Thirteen genetic sequences — isolated from people with COVID-19 infections in the early days of the pandemic in China — were mysteriously deleted from an online database last year, but have now been recovered.
Jesse Bloom, a computational biologist and specialist in viral evolution at the Fred Hutchinson Cancer Research Center in Seattle, found that the sequences had been removed from an online database at the request of scientists in Wuhan, China. But with some internet research, he was able to recover copies of the data stored on Google Cloud.
The sequences don’t fundamentally change scientists’ understanding of the origins of COVID-19 — including the fraught question of whether the coronavirus spread naturally from animals to humans or escaped in a lab accident. But their removal adds to concerns that Chinese government secrecy has hampered international efforts to understand how COVID-19 came to be.
Bloom’s results were published in a preprint paper, which has not yet been reviewed by other scientists on Tuesday. “I think it’s definitely consistent with an attempt to hide the sequences,” he told BuzzFeed News.
Bloom learned about the deleted data after reading a paper by a team led by Carlos Farkas of the University of Manitoba in Canada on some of the earliest genetic sequences of SARS-CoV-2. Farkas’ paper described sequences sampled from outpatient hospital patients in a project by researchers in Wuhan developing diagnostic tests for the virus. But when Bloom tried to download the sequences from the Sequence Read Archive, an online database maintained by the US National Institutes of Health, he received error messages indicating that they had been deleted.
Bloom realized that the copies of SRA data are also maintained on servers operated by Google, and was able to puzzle out the URLs where the missing strings could be found in the cloud. In this way, he recovered 13 genetic sequences that could help answer questions about how the coronavirus evolved and where it came from.
Bloom found that the deleted sequences, like others collected outside the city at later dates, resembled bat coronaviruses — believed to be the ultimate ancestors of the virus that causes COVID-19 — than sequences associated with the Huanan Seafood Market in Wuhan. This adds to previous suggestions that the seafood market may have been an early victim of COVID-19, rather than where the coronavirus first passed from animals to humans.
“This is a very interesting study conducted by Dr. Bloom, and in my opinion the analysis is absolutely correct,” Farkas told BuzzFeed News by email. Scott Gottlieb, former head of the Food and Drug Administration, also praised the findings on Twitter.
But some scientists were less impressed. “It really doesn’t add anything to the origins debate,” Robert Garry of Tulane University in New Orleans told BuzzFeed News by email.

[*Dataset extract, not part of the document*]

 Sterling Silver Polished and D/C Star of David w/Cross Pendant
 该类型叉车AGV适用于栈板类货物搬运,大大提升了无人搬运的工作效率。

Garry argued that the Huanan market or other markets in Wuhan could still be the source of COVID-19.
Bloom is one of 18 scientists who published a letter in May criticizing WHO and China research into the origin of SARS-CoV-2. The scientists argued that the WHO-China report had failed to give “balanced consideration” to competing ideas that the coronavirus spread naturally from animals to humans or escaped from a laboratory — a theory the report considers “extremely unlikely.” considered. After the WHO-China report was published, the US and 13 other governments complained that it “did not have access to complete, original data and samples”.
The deleted virus sequences were first uploaded to the SRA in early March 2020, around the time when researchers led by Yan Li and Tiangang Liu of Wuhan University published a preprint detailing their work using genetic sequencing to prevent COVID-19. diagnose. A few days earlier, China’s State Council had ordered all documents related to COVID-19 to be centrally approved.

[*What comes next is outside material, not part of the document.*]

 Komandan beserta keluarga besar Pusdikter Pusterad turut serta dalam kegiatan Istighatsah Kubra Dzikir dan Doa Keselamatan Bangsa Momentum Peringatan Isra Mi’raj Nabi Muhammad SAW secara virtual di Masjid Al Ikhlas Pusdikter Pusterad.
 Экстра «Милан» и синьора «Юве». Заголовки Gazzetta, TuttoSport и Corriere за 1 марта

The sequences were then withdrawn from the SRA in June, around the time the final version of the article appeared in a scientific journal. According to the NIH, the authors requested that the sequences be removed. “The applicant indicated that the sequence information had been updated, was submitted to another database, and wanted the data removed from SRA to avoid version control issues,” NIH spokesperson Amanda Fine told BuzzFeed News by email.
However, it’s unclear if the sequences have since been posted online in another database.
“There is no plausible scientific reason for the deletion,” Bloom wrote in his preprint, arguing that the sequences were likely “deleted to obscure their existence.” That suggested, he wrote, “a less than sincere attempt to track down the early spread of the epidemic.”
Although the sequences had been deleted, Garry pointed out that the key genetic mutations they contained were still tabulated in the Wuhan team’s final paper. “Jesse Bloom has not found exactly anything new that is not yet in the scientific literature,” Garry told BuzzFeed News, accusing Bloom of writing his preprint in an “incendiary manner that is unscientific and unnecessary.”
Bloom wrote to the Wuhan researchers asking why the sequences had been removed, but received no response. Li and Liu also did not immediately respond to a question from BuzzFeed News.
This isn’t the first time scientists have raised concerns about removing data that could help answer questions about the origins of COVID-19. The main database of coronavirus sequence information maintained by the Wuhan Institute of Virology — speculating about a possible “lab leak” of the virus — was taken offline in September 2019. When members of the WHO-China team studying the origins of the pandemic visited the institute in February, they were told that the database, which reportedly contained data on 22,000 coronavirus samples and sequence records, had been deleted after repeated hacking attempts.